I had stalled at an unlikely spot - the intersection between maternal guilt and Darwin's theory of natural selection. One thing stuck in my mind: a piece of footage from a BBC documentary on Africa's Savannah. Deep in the swampy marshes, a stork-like shoebill looks after her two chicks. While she waddles off to find water, the eldest chick attacks the younger hatchling - a fluff-ball on wobbly pins with barely the strength to lift his own head. On her return, mummy shoebill notices fluff in the beak of the aggressor - like most mothers she knows what has been going on. The little fluff-ball gropes his way towards his mum, seeking comfort in her feathers, but heart-breakingly she brushes him aside and bestows her gift of water on the stronger chick. Shoebills, it turns out, rarely raise more than one chick. The younger one is merely an insurance policy in case the older one fails to thrive.

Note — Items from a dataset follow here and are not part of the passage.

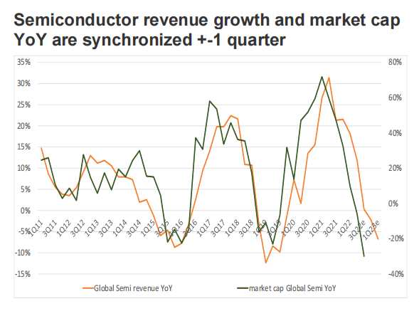 圖:半導(dǎo)體收入增長和市值同比同步提前/延后1個季度
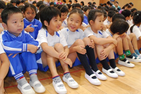 ウッドブロッグをでリズム打ちをした年長さん。
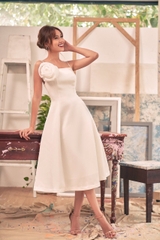 Đầm xoè kiểu hai dây phối hoa ngay vai

According to research conducted by Catherine Conger, a professor at the University of California, 65% of (human) mothers also exhibit a preference for one of their children - often the eldest one. Just like the shoebill, we apparently orientate toward our eldest, healthiest child - a throwback, perhaps, to earlier times of high infant mortality.

I think back to my pregnancy with Non-walking Toddler and remember how I couldn't imagine loving the new baby as much as the other two. But love comes in a feverish burst, along with the breast-milk and the cracked nipples. We are compassionate creatures. Our capabilities - love, empathy, imagination - set us on a different path to the shoebill. 

For the record, I love my three children equally, but in different ways, according to their strengths and weaknesses. Naturally Non-walking toddler takes up more of my mothering time, but less of my adult space which I am beginning to share gladly with the older two. Middle Child needs more cuddles and reassurance, while Quiet One is sustained by a current of mental sympathy that flows exclusively from me to her. 

And the fiasco with the cereal bars? I worked it out. It was a practical decision. Middle Child has a stomach like a cast-iron bucket. Mouldy cereal bars are no contest for his intestinal juices.